Georgina Kincaid is very deliberately not special in that stereotypical trenchcoat-and-quarterstaff way - she's the center of her tiny universe, and the agent of her own story. Her quest for togetherness makes her all the more appealing. The conflict of juggling a flirtation, a small shop and the monster-of-the-week isn't exactly cosmic, but it is empathetic, and given that this is about a succubus, that's damn (ha!) impressive. The Georgina Kincaid books are very satisfying, and strangely slice-of-life, novels about saucy immortality - I recommend them highly.

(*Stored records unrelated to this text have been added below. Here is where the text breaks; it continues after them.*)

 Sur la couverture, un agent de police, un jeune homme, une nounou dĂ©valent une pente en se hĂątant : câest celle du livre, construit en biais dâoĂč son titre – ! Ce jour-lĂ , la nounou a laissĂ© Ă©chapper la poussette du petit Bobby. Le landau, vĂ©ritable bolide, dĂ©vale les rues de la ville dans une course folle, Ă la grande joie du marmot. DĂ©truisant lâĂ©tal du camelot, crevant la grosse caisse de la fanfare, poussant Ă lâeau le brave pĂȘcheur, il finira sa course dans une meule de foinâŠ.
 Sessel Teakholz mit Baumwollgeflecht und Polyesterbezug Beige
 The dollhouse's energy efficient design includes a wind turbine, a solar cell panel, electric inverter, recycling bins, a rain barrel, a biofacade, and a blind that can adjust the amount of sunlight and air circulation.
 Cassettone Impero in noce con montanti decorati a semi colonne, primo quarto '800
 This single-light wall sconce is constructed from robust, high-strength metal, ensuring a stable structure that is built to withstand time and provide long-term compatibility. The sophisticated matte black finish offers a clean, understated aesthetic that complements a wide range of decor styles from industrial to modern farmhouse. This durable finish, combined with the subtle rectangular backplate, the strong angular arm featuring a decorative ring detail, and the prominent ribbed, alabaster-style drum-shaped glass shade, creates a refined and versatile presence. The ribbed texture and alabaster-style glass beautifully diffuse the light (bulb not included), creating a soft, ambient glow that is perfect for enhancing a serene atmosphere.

Raymond F. Jones' The Alien (1951)

Space scientists! researching the remains of alien stuff in the asteroid belt find an actual alien. Because Science! they resurrect him and things go really badly wrong. Earth, as we learn repeatedly, is in a bad decline - desperate for leaders! and in a sort of proto-Foundation way, everyone is watching it happen and preparing for the consequences. But the alien really screws up this 'plan', and now Earth is united until an alien dictatorship so there's this mad scramble for more Science! and mind powers? and space travel and really this was pretty terrible.

The First StoneElliott Hall's The First Stone (2009)

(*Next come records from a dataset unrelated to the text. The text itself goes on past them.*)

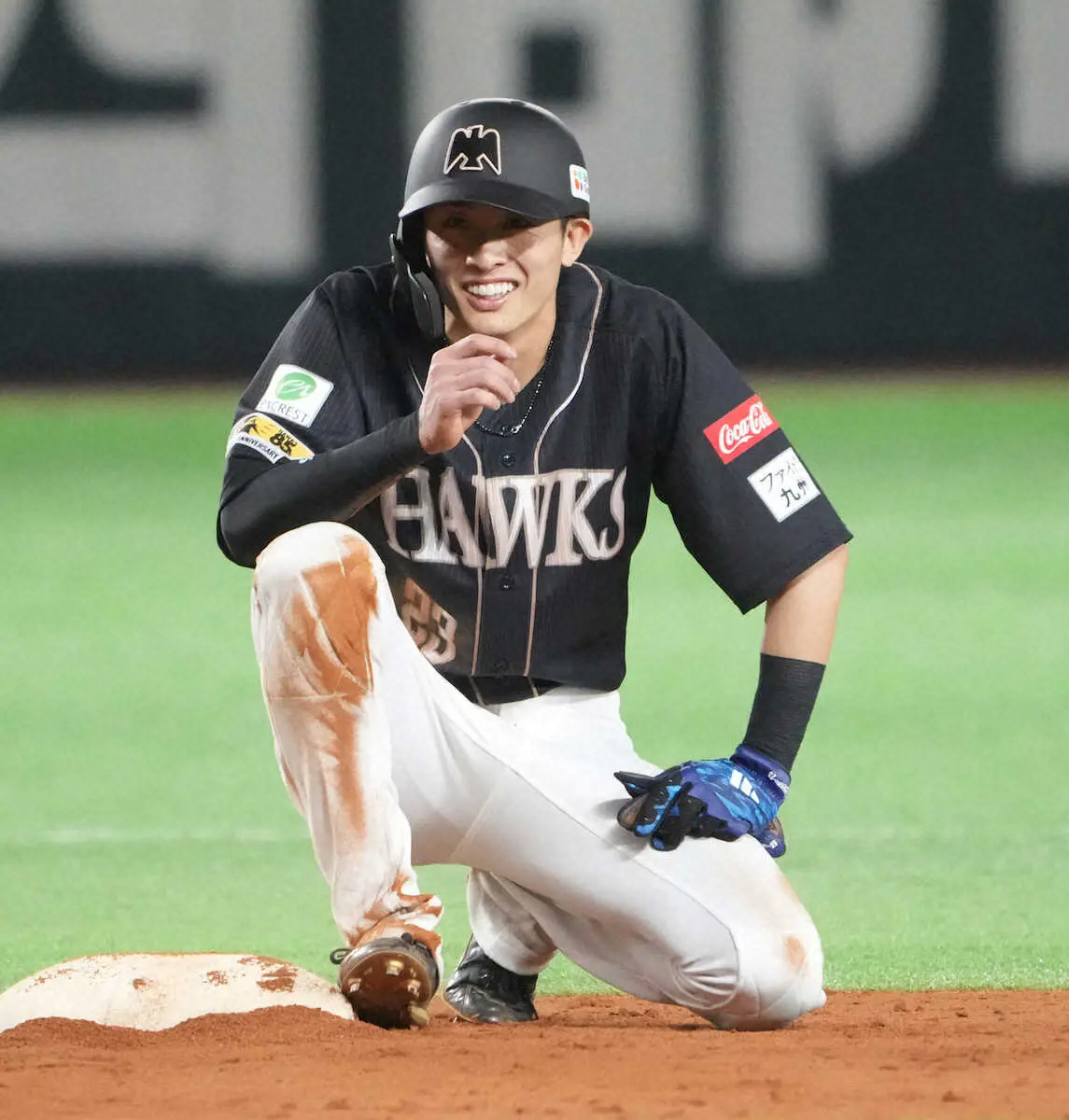 世界を震撼(しんかん)させた走力を満員御礼のペイペイドームで周東が見せつけた。
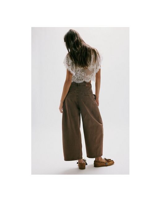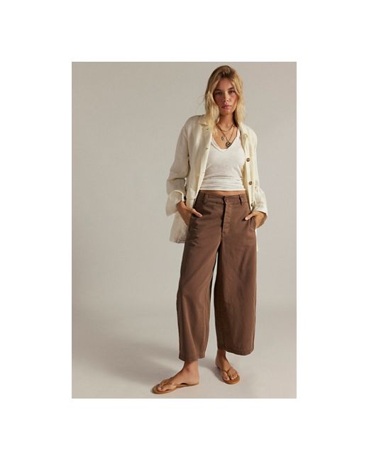 Forever cool and classic, these totally timeless chino pants from our We The Free collection are featured in a high-rise, wide-leg style cropped just above the ankle with a slight barrel touch for added shape. **Fit:** Slightly fitted, high-rise, size up for slouchier look **Features:** Button closure and zip fly, side and back slit pockets, slight barrel shape **Why We ❤ It:** The perfect pair to take you from the workday to the weekend, these super cool pants are sure to be a staple in your pants collection for countless years to come. We The Free Lay Down Chino Pants at Free People in Brownie, Size: US 2
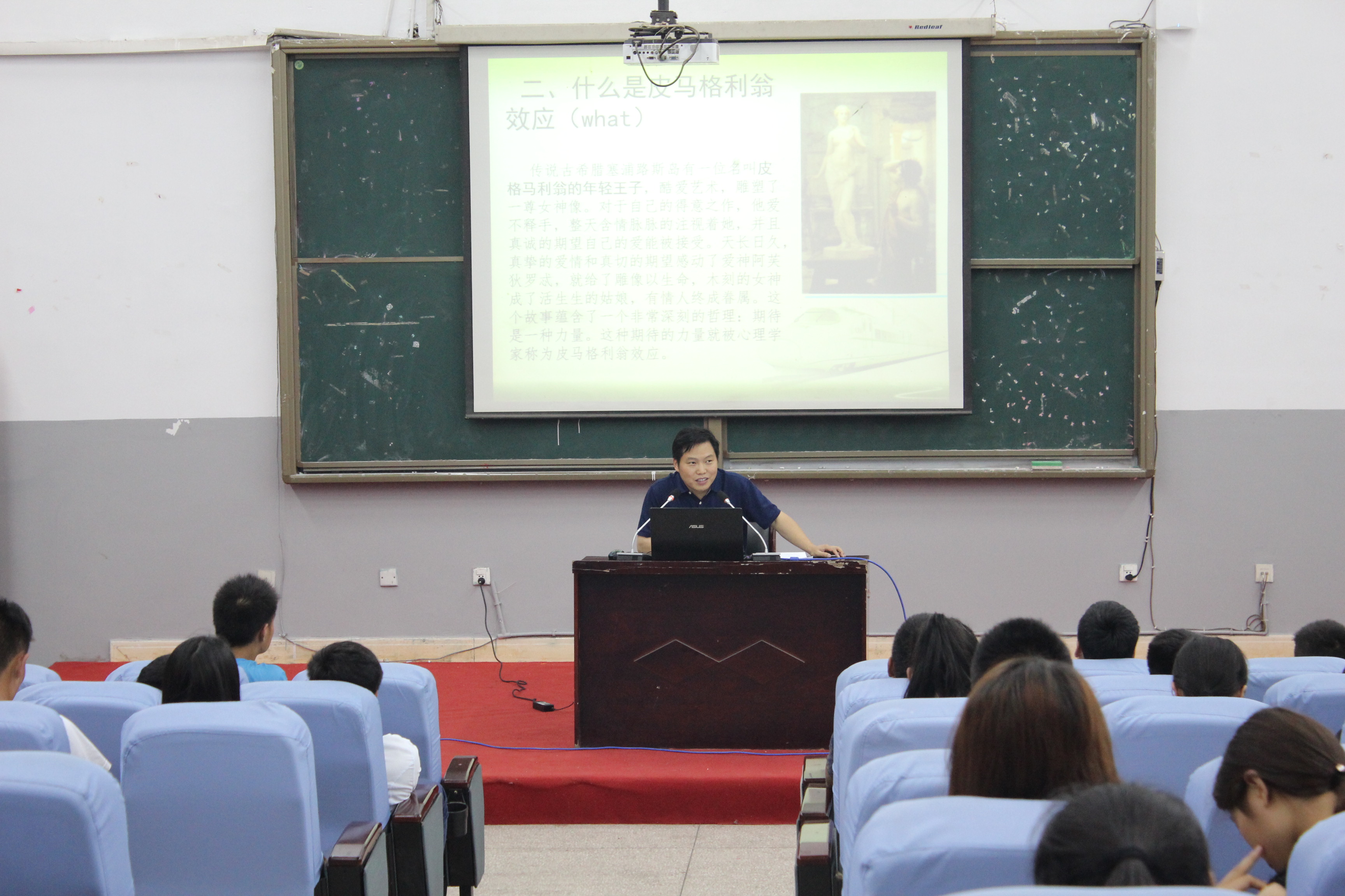 2015年6月8日19:00,张皓研究员在莲湖校区教学楼113报告厅作题为“皮格马利翁效应和员工积极心理的培养”的学术讲座。

Felix Strange is an archetypical private eye - down to his archetypically silly name. He's struggling, he's got a dark past, he's feeling betrayed, he's cynical, yet... he's strangely noble; kind to women and puppies. He's a 'knight in tarnished armor', to borrow from descriptions of Travis McGee.

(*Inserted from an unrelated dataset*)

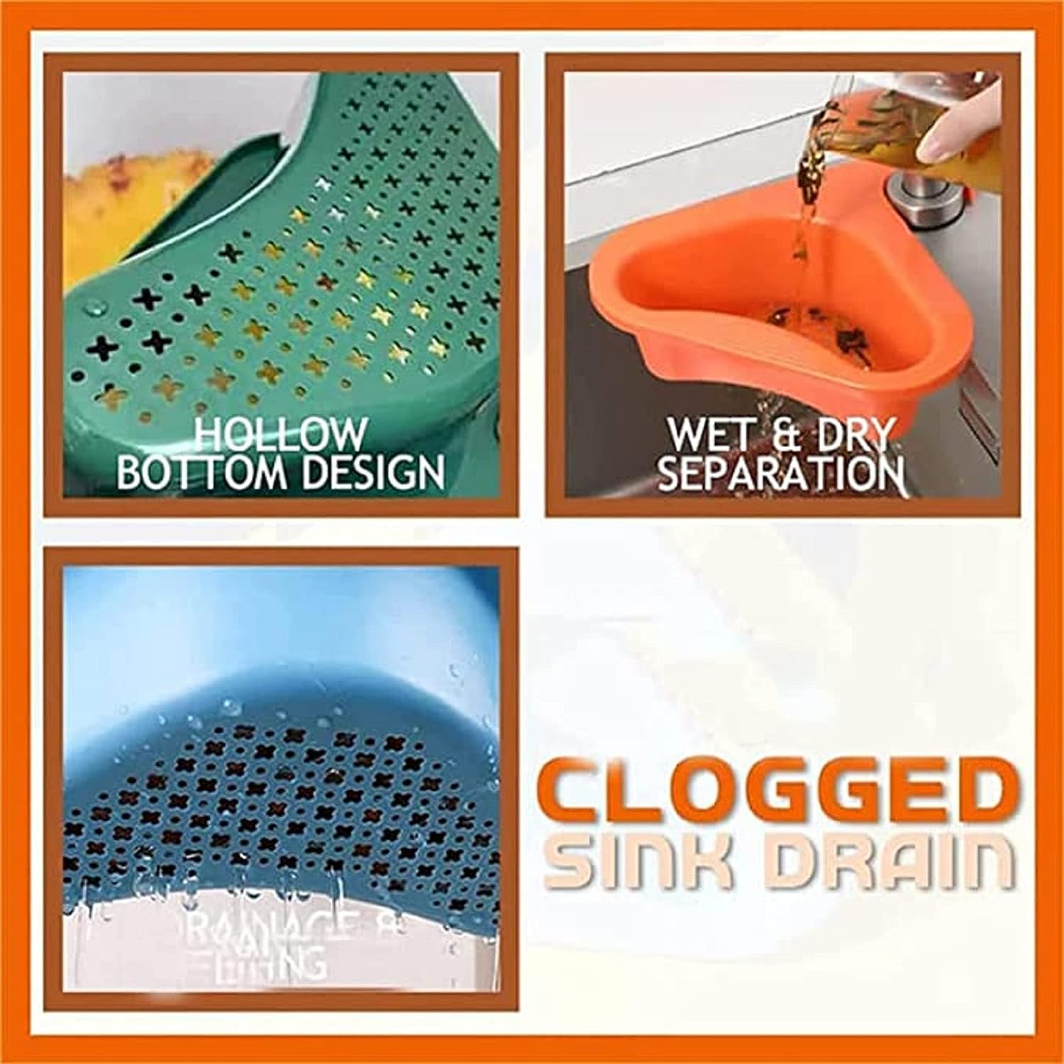 Space-Saving and Stylish: With its unique triangular, swan-shaped design, this basket fits snugly in the corner of your sink, saving space for your cleaning tasks. Available in vibrant colors like yellow, orange, blue, and green, it adds a fun and lively touch to your kitchen decor.
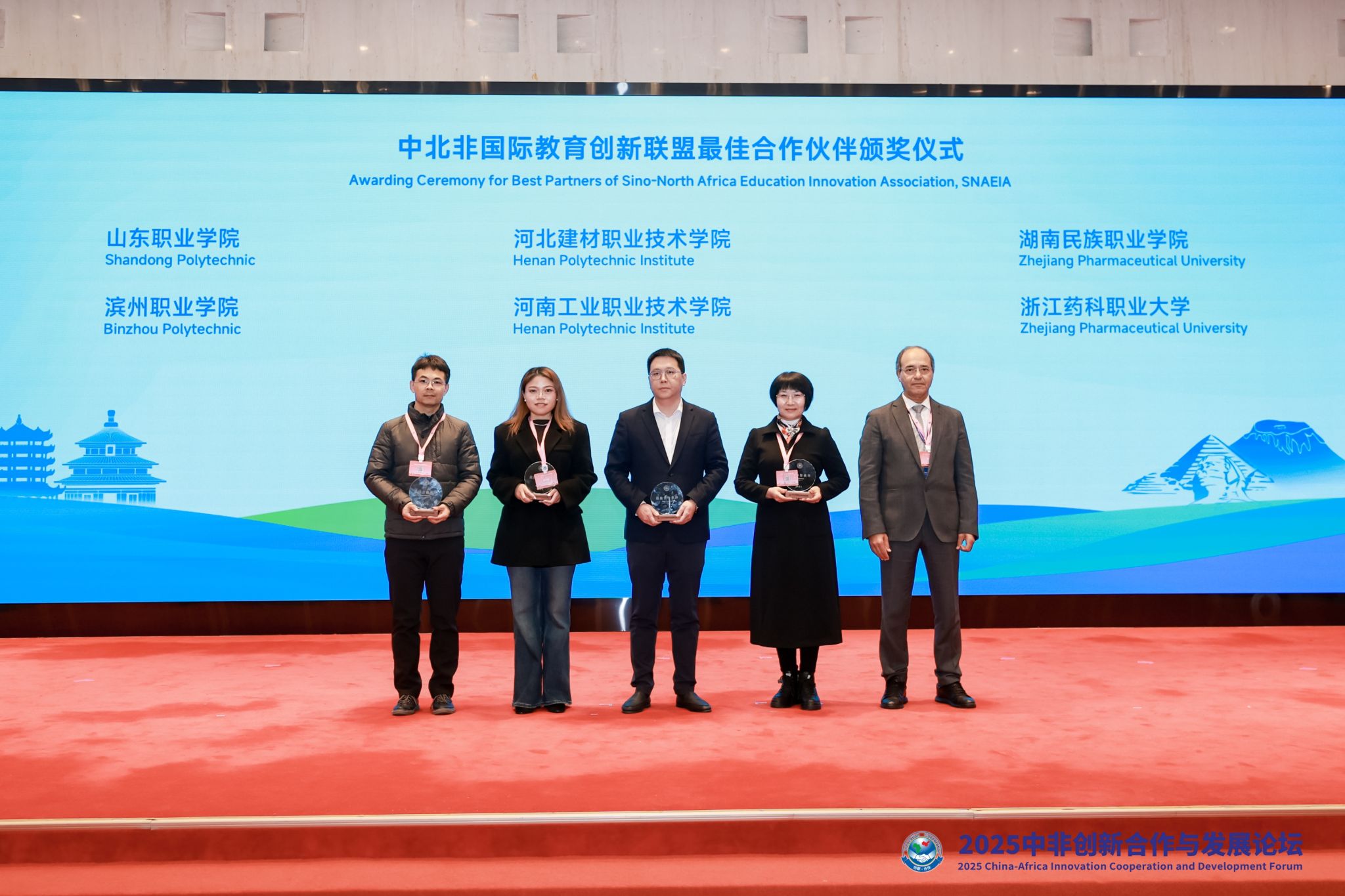 11月20-21日,由中非创新合作中心、中北非国际教育创新联盟联合主办的“2025中非教育合作创新发展论坛”在武汉成功举办。论坛聚焦“新时代中非职教合作创新与高质量发展论坛”“数智时代中非高等教育人才培养与科研合作高等教育分论坛”两大主题。滨州职业学院党委委员、滨州应用科技研究院院长胡洪涛应邀出席并主持“2025一带一路暨金砖国家技能发展与技术创新大赛-北非国际赛”启动仪式和大赛中外方组委会及专家证书颁发仪式,国际学院相关人员陪同参会。

A prominent political figure is killed, and the death reeks of a set-up - the deceased, a fiery radio pastor, is marked up with lipstick and left surrounded by carefully bagged drugs and artfully arranged pornography. Someone was out to bring the man down, in more ways than one. Strange is hauled in because he's an independent operator, far enough outside the system to avoid any leaks. 

The shtick is - The First Stone is set in the eerily near future, in which the United States has become an religious theocracy. There's a bit of background involved, but the key this is this: America's a very uncomfortable place, with official and unofficial crusaders sweeping back and forth like brooms of HELLFIRE. Strange, an veteran of the latest overseas military disaster, is particularly cynical - even by the standards of PIs - and is so far out of the loop that he's the perfect investigator. OR THE PERFECT PATSY. (dun dun DUN)

As far as a detective novel goes, The First Stone is solid, not spectacular - and that's no bad thing. Strange does what he needs to do to be a good, if unspectacular, narrator and guide. It is reminiscent, probably deliberately, of the Gold Medals and noir classics that defined the PI genre. This comfort allows for the novel's real story - the dystopia and how it came about - to seep through the edges. Moreover, The First Stone resists the urge to infodump (and damn, it must've been tempting). Instead, we follow the conventions of the genre as Strange blunders from place to place, opening new leads and doling out tantalising peeks at the world around him. It is an excellent way of using the familiar conventions of one genre as a way of tactically subverting the style of another.